Publié le mardi 01 octobre 2024
Œuvre d'octobre
La liste des photographes qu’a fréquentés Sid Kaplan durant sa longue carrière laisse rêveur : Weegee, Lou Bernstein, Philippe Halsman, Robert et Cornell Capa, Edward Steichen, Louis Faurer, Robert Frank, pour ne citer que quelques-uns des plus célèbres d’entre eux.
Sid Kaplan est né dans le quartier du South Bronx à New York en 1938. Il a vécu, et vit encore aujourd’hui, dans l’East Village de New York où il s’installe comme tireur indépendant en 1968. Il se forme à l’École des Arts Industriels de Manhattan où il apprend les bases de la photographie. Parallèlement, il suit les réunions du « Village Camera Club » où il rencontre notamment le photographe Weegee. Son diplôme en poche, il enchaine plusieurs petits boulots toujours en lien avec la photographie. Après six ans, et davantage d’expérience acquise, il décroche en 1962 un travail au laboratoire Compo, le deuxième plus grand de New York. L’exposition Family of Man, orchestrée par Edward Steichen, a été entièrement tirée par Compo en 1955, Kaplan apprend donc le travail auprès des photographes ayant sorti les images de cette grande manifestation photographique. Dans ce laboratoire de renom, défilent des photographes comme Philippe Halsman, Robert et Cornell Capa, Weegee, Louis Stettner, Ralph Gibson, Louis Faurer ou encore Duane Michals que Kaplan apprend à connaitre et dont il tire les photographies. À côté de ces auteurs de talent se trouvent également d’autres que Kaplan n’hésite pas à qualifier de « mauvais photographes » avec de « mauvais négatifs ». Cette partie du travail chez Compo se révèle beaucoup moins intéressante et se combine à une longue liste de commandes et un horaire épuisant. Kaplan décide donc de quitter Compo pour devenir tireur indépendant en 1968. Son talent, et les photographes qu’il a rencontrés chez Compo, lui assure une solide base de clientèle. Par l’intermédiaire de Ralph Gibson, Sid Kaplan rencontre Robert Frank dont il deviendra le tireur officiel durant 35 ans et qui lui présentera notamment Allen Ginsberg (poète américain et membre fondateur du courant de la Beat Generation). Dans son laboratoire de l’East Village, dont l’un des voisins n’est autre que W. Eugene Smith, de nombreux photographes viennent faire tirer leurs images. Dans l’histoire de la photographie, Kaplan est donc principalement connu pour son travail de tireur professionnel, ce qui ne l’empêcha pas de prendre de très nombreuses photographies durant toute sa vie.

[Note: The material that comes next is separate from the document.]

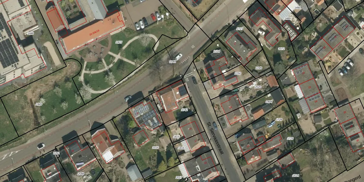 Het perceel waarop St. Servaasstraat 21 staat heeft een oppervlakte van 360 m². Dit is een groot perceel. De perceeloppervlakte wordt geregistreerd door het Kadaster. Gedetailleerde informatie over de maten van dit perceel kunt u vinden in het rapport Kadastrale kaart met maatvoering van St. Servaasstraat 21.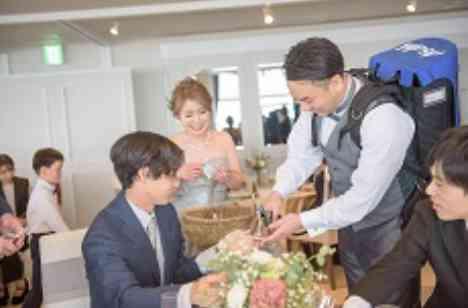 披露宴では、ゲストの方が楽しめる演出を多数用意していました。Mさんの中座では、Mさんのお祖父様がエスコート。陽気なお祖父様が、ゲストの皆様と握手をしながら歩き、会場は大変盛り上がりました。Hさんの中座では、可愛らしいお子様たちが元気いっぱい歌を歌ってくれました! 再入場後は、Hさんが大好きなビールを一人一人にサーブ!会話を交わしながら、おふたりもゲストの皆様もとても楽しそうでした♪

Son historiographie raconte qu’il aurait rencontré dans son adolescence le photographe Lou Bernstein (Sid était le compagnon de classe de son fils) qui lui aurait conseillé de ne « jamais devenir un photographe commercial » pour pouvoir réaliser les images qu’il avait envie de faire. Il semblerait qu’il ait suivi ce conseil avisé en photographiant des sujets éclectiques, sans thème précis, là où son regard et ses pas le menaient, notamment dans les villes de New York, Philadelphie ou Minneapolis et sur les routes américaines.
La photographie de l’œuvre du mois, prise à New York en 1957, illustre bien les qualités de son travail. Cette image sans sujet réel, si ce n’est l’architecture épurée des cheminées, attire le regard par divers éléments construits par le photographe. Il faut noter le cadrage serré sur les quatre éléments verticaux accentuant l’effet « en escalier » de leurs tailles variées et leur donnant une importance particulière dans le paysage des toits urbains. Le contraste obtenu entre les cheminées au rendu sombre et opaque et le ciel clair dépourvu de tout défaut confère une force supplémentaire à l’image à laquelle les talents de tireur de Sid Kaplan ne sont pas étrangers.
Le caractère modeste du personnage, qui explique sans doute en partie la méconnaissance actuelle de son travail, est souvent mis en avant par ses connaissances, tant les photographes qu’il a côtoyés que les responsables d’institutions en charge aujourd’hui de la préservation et la valorisation de son œuvre. Une œuvre dont les négatifs, planches contacts, et tirages postérieurs sont aujourd’hui à la bibliothèque de l’Emory University d’Atlanta qui a la charge de sa diffusion auprès du public.